Foreign investment in Brazil has been an important driver of the country’s resurgent private equity industry over the last few years. Unfortunately for international fund managers, the flow of capital has been decidedly one way. According to sources, that may be about to change.
Maureen Downey, a principal at fund of funds Pantheon, believes that Brazil’s giant pension funds could branch out into international private equity investments within the next 18 to 24 months. “Some of the pension funds have noted to me that they could be making international commitments as early as the second half of next year,” she told Private Equity International. “Their alternative asset allocation is increasing, and they [are playing] an important role in the development of the local private equity market.”
Brazilian pensions managed over $342 billion in assets as of 2010, according to consulting firm Towers Watson. Typically, they have invested most of their assets in fixed income. But with interest rates falling – after peaking at 21 percent in 2002, they were cut to 11.5 percent this year (despite inflation hitting a six-year high) – alternatives are starting to look increasingly attractive.
“One of the main things that’s going to drive them to do more alternatives is this lowering of the interest rate,” says Downey. “When I sit down and talk to Brazilian pension funds, they say: ‘You know, I get 6 percent now, but it’s going to 5.5 percent, and I must obtain a 6 percent return to meet my liabilities’. It will be challenging to achieve that target rate of return through fixed income investing alone – and they know it.”
I get 6 percent now, but it's going to 5.5 percent, and I must obtain a 6 percent return to meet my liabilities
On the face of it, that sounds like good news for international fund managers battling to raise money in a tough fundraising market. Existing limited partners in the US and Europe are placing ever-greater demands on GPs, and are hesitant to embark on new relationships; in a recent report, placement agent Triago projected that market trends could force up to one-half of all GPs from the market in the next five years as limited partners consolidate their private equity holdings with fewer managers. So a brand new $342 billion pool of capital has a lot to be said for it.
However, fundraising in a new market is never simple. At a Dow Jones conference held earlier this year, Blackstone Group senior managing director Michael Sothiros and Pantheon director Kevin Albert indicated that when the Brazilian pensions do take the plunge into international private equity investing, it will probably be through a structure similar to Chile’s. There, managers are required to establish feeder funds through local financial firms, which can then direct commitments from the country’s public pensions to foreign private equity funds.
The strategy has already been implemented by The Blackstone Group, which is working with a brokerage firm called Larrain Vial to market its sixth fund, said Sothiros. Larrain has been raising a $700 million fund called Larrain Vial-BCP VI, according to documents filed with Chilean ratings agency Feller Rate.
A transition towards a Chile-like system would be a natural progression of the Brazilian pensions’ investment strategy, sources say.
But US and European GPs probably shouldn’t get too excited about the prospect of receiving big commitments from pensions in Rio De Janeiro or Sao Paolo any time soon.

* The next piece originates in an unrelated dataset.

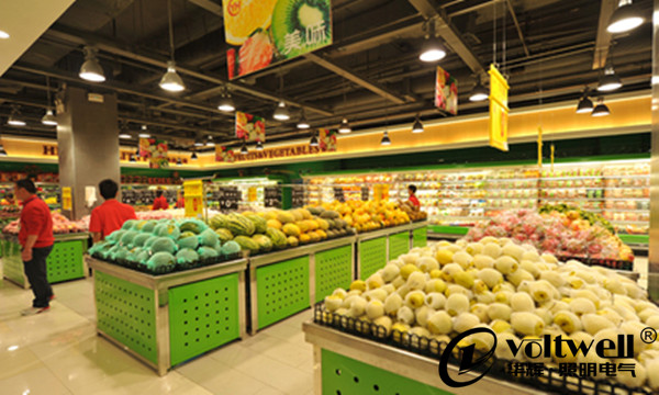 在超市里,光的作用是吸引客戶,顧客的注意力更加容易被光效氣氛好的區域所吸引。精心設計的照明可以為顧客創造一種舒適愉悅的氣氛,從而使顧客產生極為舒適的心情。貨物區有效的照明主要是使客戶感到舒適從而愿意繼續光臨。獨到新穎的燈具設計更加突出了內部的設計,同時也加深了整體照明印象。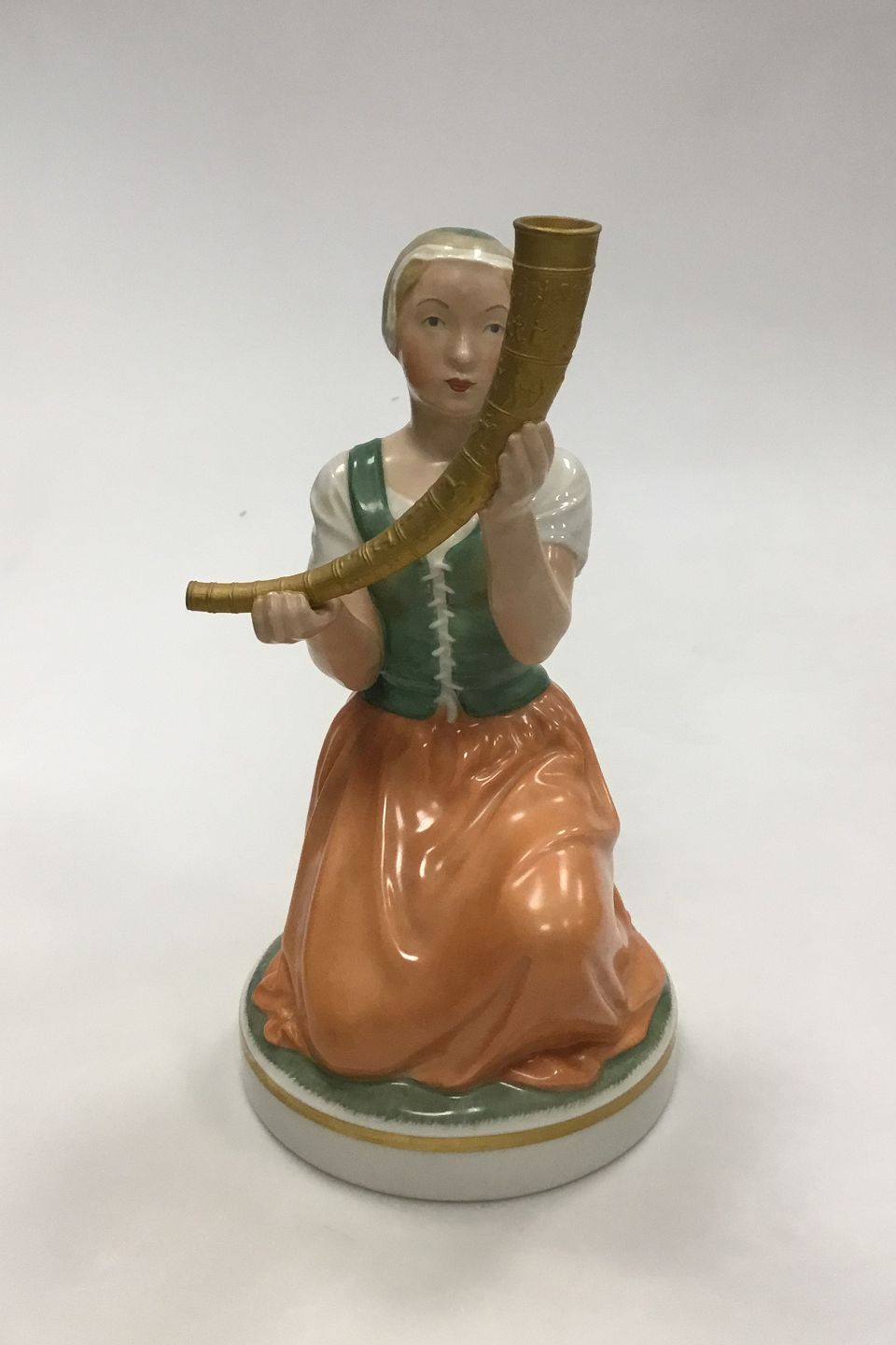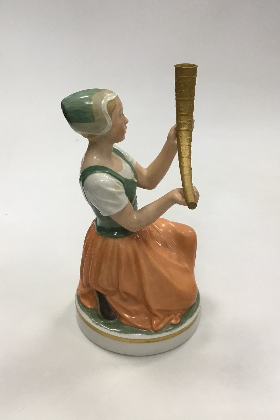 Royal Copenhagen Figurine Girl with the Horn of Gold No 12242. Measures 22 cm / 8 21/32 in. Designed by Holger Christensen

“I would find it very surprising,” says Russell Deakin of Brazil-based asset manager Rio Bravo. “They have such small allocations to private equity as an asset class. To go abroad, when frankly the returns in international private equity funds I think are challenging given this environment… [The pensions] have the whole Brazilian universe to explore.”
[The pensions] have the whole Brazilian universe to explore
In other words, rather than betting on US and European private equity funds, which are facing tepid growth rates in their home markets, Brazilian LPs might be better off increasing their allocations to alternatives through local funds – which are also likely to be more accommodating of the pensions’ tendency to request seats on investment committees.
Then there are the practicalities to consider. According to Downey, although a Chilean structure in Brazil would at least give international GPs a foot in the door, only a handful would have the in-house capacity to jump through the legal and regulatory hoops of establishing a feeder fund. “It’s going to be the larger firms that have the resources, the bandwidth to go down there.”
Equally, the top performers probably won’t bother, since they can achieve their fundraising targets anyway. As Downey points out: “If they do have to go down there to raise a small fund … you’re going to have to scratch your head and query: why? Why haven’t they been able to raise enough money in their own home market?”